README.md

# JIT
A optimization for MegBrain by just-in-time compilation.
JIT can reduce the global memory access times by fusing elemwise kernels into a
single larger one fusion kernel to improve performence.

For some regular expressions like *a * b + c* and *a * b + c * d*, MegBrain have
alreay did FMA3_FUSE and FMA4_FUSE optimization.

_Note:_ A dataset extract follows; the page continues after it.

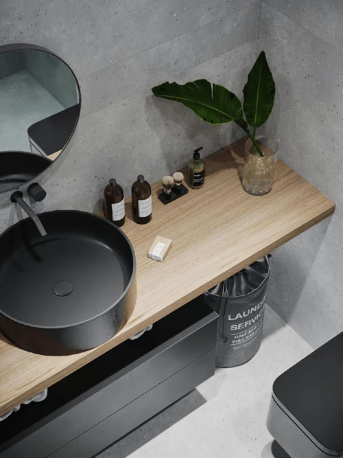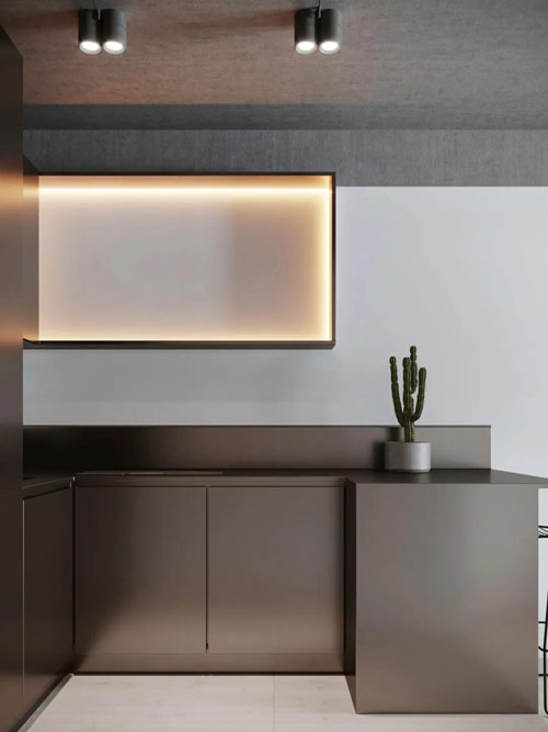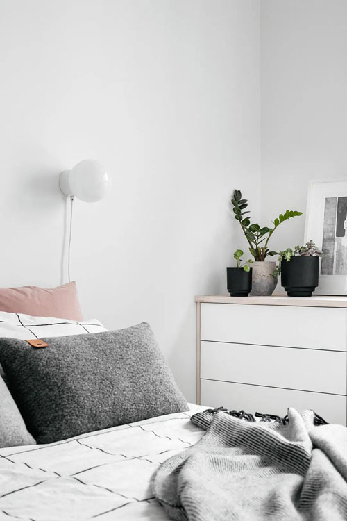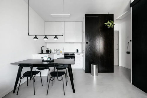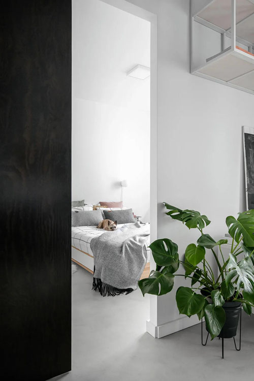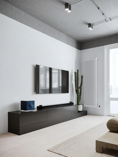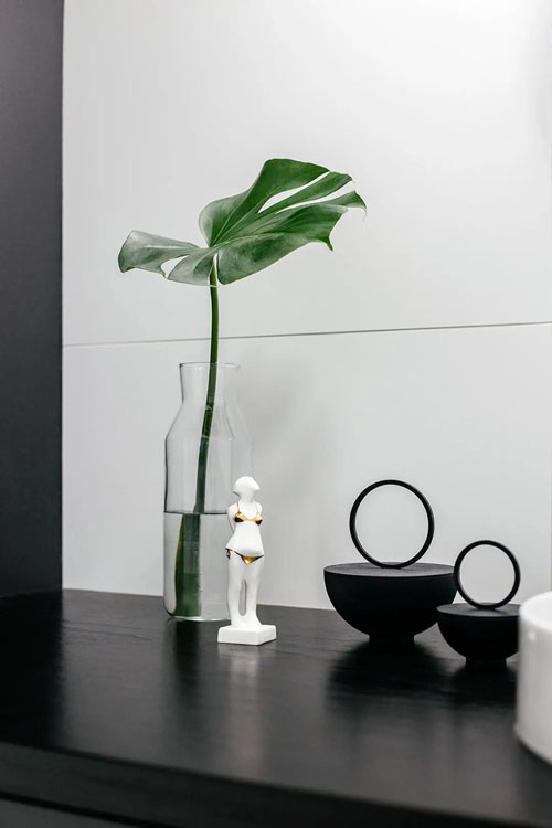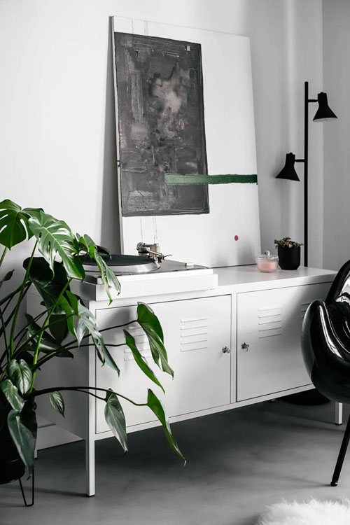 綠植擺放把黑色空間拉到一面墻的存儲白色柜子
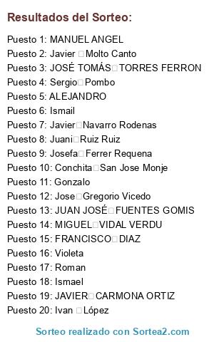 Lista de participantes: FRANCISCO JAVIER, RAUL, FRANCISCO TOMAS MATAIX GISBERT, CARLOS BELTRÁ TAUSTE, RUBÉN FERNÁNDEZ ARMENGOL, ROSA, ALEJANDRO MADRID SALVADOR, JAVIER CARMONA ORTIZ, JAVIER CARMONA GINER, JUAN JOSÉ FUENTES GOMIS, MARIA JOSE GINER GINER, RUTH, MANUEL ANGEL, JOSÉ TOMÁS TORRES FERRON, JUAN PEDRO, DIETER GÜNTHER FLEMM, JOSÉ RAÚL LEAL VILAR, MIGUEL VIDAL VERDU, DAVID GARRIGOS, ROMAN VOEVODIN, FRANCISCO DIAZ, RAUL PEREZ, Emilio Perez, Pablo, ALEJANDRO, Francisco Almagro Ruiz, David Maltes, Ivan Penalva, Javier Molto Canto, Maria, Jorge Ribera Romeu, Sergio Pombo, Francisco Javier espin nieto, Maria Gomez, Ismail, ALEJANDRO Moreno Soler, Luis Valero Torres, Pablo de Alba, Oriol Gilabert, Pedro Ramón garví aragonés, Emilio Pérez, Gonzalo, Ivan López, Javier Navarro Rodenas, Roberto Martinez Lillo, Juani Ruiz Ruiz, Ismael, Irene, Jose Gregorio Vicedo, Jose Manuel, DAVID Guijarro López, Daniel, Victor, Enrique, Jose Manuel lloret bustos, Amin, Francico Javier, Josefa Ferrer Requena, Jose Rueda Escoto, Tania Faedo, Roman, Rosa Mas Rosique, Violeta, Conchita San Jose Monje, Adrián Cerón Perez.

Now MegBrain can speed up any
elemwise expressions by JIT.

## Benchmark Result
1. a * b * c

    |        |opt0| opt2| opt3(with jit)|
    |--------|----|-----|---------------|
    |speed   |100%|100% | 150%          |

2. a * b + c

    |        |opt0| opt2(with fma3)| opt3(with jit)|
    |--------|----|-----|---------------|
    |speed   |100%|150% | 150%          |

3. Alexnet with adam

    |        |opt0| opt2| opt3(with jit)|
    |--------|----|-----|---------------|
    |speed   |100%|103% | 114%          |

4. Resnet with adam, training

    |        |opt0| opt2| opt3(with jit)|
    |--------|----|-----|---------------|
    |speed   |100%|122% | 124%          |


## What does JIT do
Detection the subgraph can be fused and compiling the subgraph into a fusion
kernel are the most two important parts in JIT.

The detection is implemented in [impl/fusion_pass.cpp](impl/fusion_pass.cpp),
the main detection logic is in function *Fusion::Impl::on_opr*. Compared to nnvm
fusion, our fusion logic can fuse more operators into one fusion kernel.

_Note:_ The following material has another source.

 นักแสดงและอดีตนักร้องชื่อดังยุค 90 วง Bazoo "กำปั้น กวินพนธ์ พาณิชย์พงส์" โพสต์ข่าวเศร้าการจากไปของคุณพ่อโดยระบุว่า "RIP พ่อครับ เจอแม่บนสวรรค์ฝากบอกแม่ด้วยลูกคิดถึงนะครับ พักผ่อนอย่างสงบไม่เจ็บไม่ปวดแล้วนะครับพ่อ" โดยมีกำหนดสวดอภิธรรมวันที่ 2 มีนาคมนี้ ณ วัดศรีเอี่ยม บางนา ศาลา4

For now , JIT support CUDA by HALIDE or NVRTC, CPU by MLIR, OpenCL by TINYOPENCL,
also it has reserved interface to extend more platforms.

## How to enable JIT
You can set `graph_opt_level` to 3 to enable JIT.

In python
``` python
cg = mgb.comp_graph()
cg.set_option('graph_opt_level', 3)
```

### Selection of Backend

You can set environment variable `MGB_JIT_BACKEND` to select the JIT backend.

|  Backend   | Platforms | Reduction support | Kernel Binary Cache | Kernel Reuse | Noncontig Input |
|------------|-----------|-------------------|---------------------|--------------|-----------------|
| HALIDE     | CUDA      | Y                 | No                  | Shape        | No              |
| NVRTC      | CUDA      | N                 | Via PersistentCache | Bcast type   | Monotone        |
| MLIR       | CPU       | N                 | NO                  | Kernel hash  | Monotone        |
| TINYOPENCL | OpenCL    | N                 | Via OpenCL cache    | Kernel hash  | Monotone        |

To enable fusion of Reduce oprs, set `graph_opt.jit = 2` in graph options.

### Working Directory

JIT may produce temporary files. The default working directory is
a temp dir and can be changed via `MGB_JIT_WORKDIR` environment variable. Set
`MGB_JIT_KEEP_INTERM` to keep intermediate files (such as generated sources and
object files) for debugging.

### Other options

* `MGB_HALIDE_DEBUG`: enable debug print for Halide.